> _Exercise aim_
Word for word, output the data, with none of its pictures.

> _Provided data_
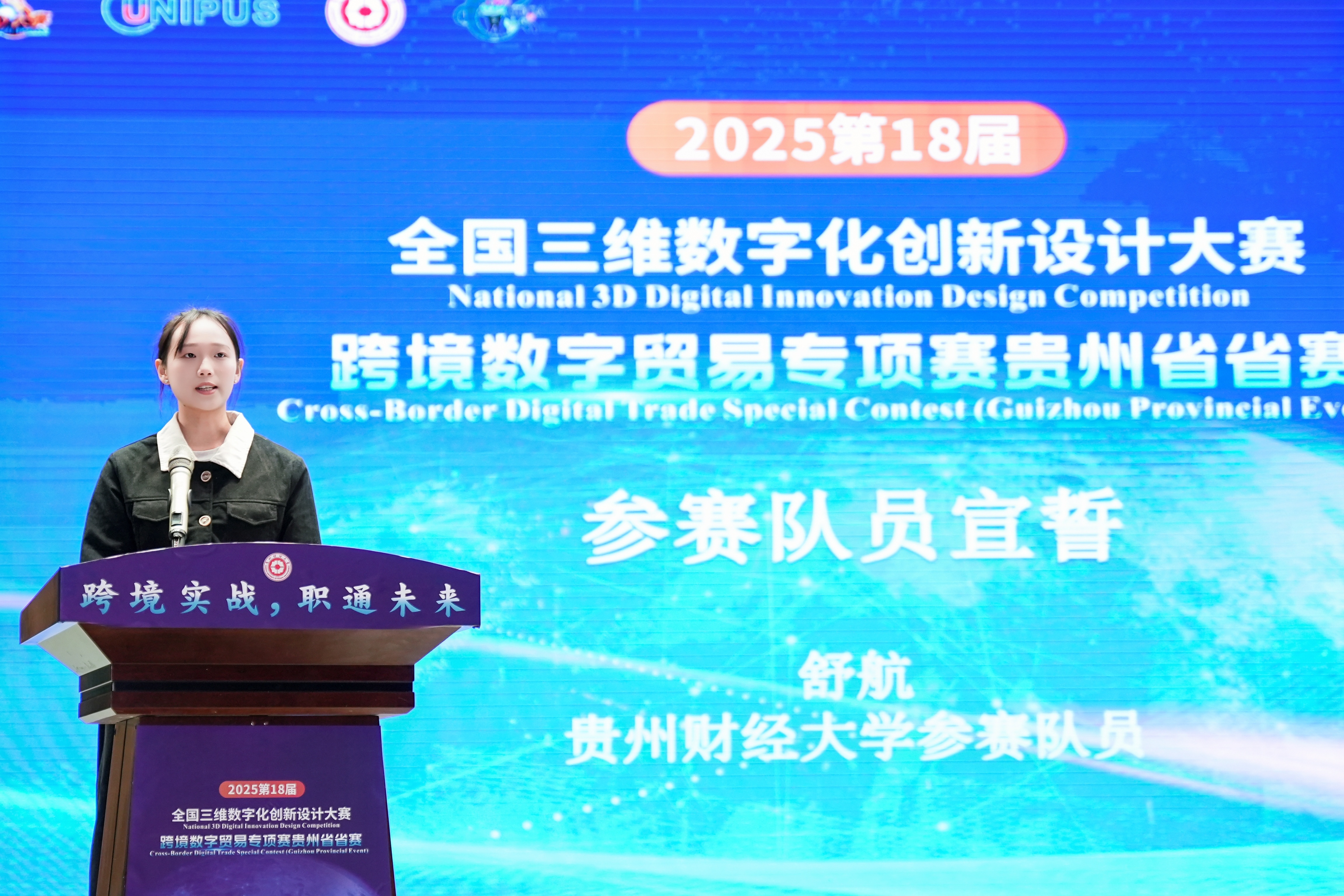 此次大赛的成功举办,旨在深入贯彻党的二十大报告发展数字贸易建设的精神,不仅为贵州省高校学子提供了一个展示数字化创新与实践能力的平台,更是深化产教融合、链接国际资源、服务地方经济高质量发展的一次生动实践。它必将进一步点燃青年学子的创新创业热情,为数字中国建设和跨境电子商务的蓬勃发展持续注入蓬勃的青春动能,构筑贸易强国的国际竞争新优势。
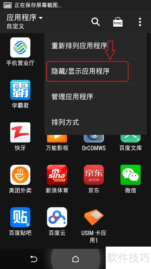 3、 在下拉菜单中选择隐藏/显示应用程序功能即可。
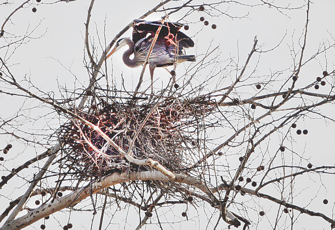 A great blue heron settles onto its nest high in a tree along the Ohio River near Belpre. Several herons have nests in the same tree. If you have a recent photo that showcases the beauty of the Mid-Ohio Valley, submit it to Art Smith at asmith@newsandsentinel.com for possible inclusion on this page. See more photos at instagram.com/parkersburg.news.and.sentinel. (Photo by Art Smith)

> _Reply_
 此次大赛的成功举办,旨在深入贯彻党的二十大报告发展数字贸易建设的精神,不仅为贵州省高校学子提供了一个展示数字化创新与实践能力的平台,更是深化产教融合、链接国际资源、服务地方经济高质量发展的一次生动实践。它必将进一步点燃青年学子的创新创业热情,为数字中国建设和跨境电子商务的蓬勃发展持续注入蓬勃的青春动能,构筑贸易强国的国际竞争新优势。
 3、 在下拉菜单中选择隐藏/显示应用程序功能即可。
 A great blue heron settles onto its nest high in a tree along the Ohio River near Belpre. Several herons have nests in the same tree. If you have a recent photo that showcases the beauty of the Mid-Ohio Valley, submit it to Art Smith at asmith@newsandsentinel.com for possible inclusion on this page. See more photos at instagram.com/parkersburg.news.and.sentinel. (Photo by Art Smith)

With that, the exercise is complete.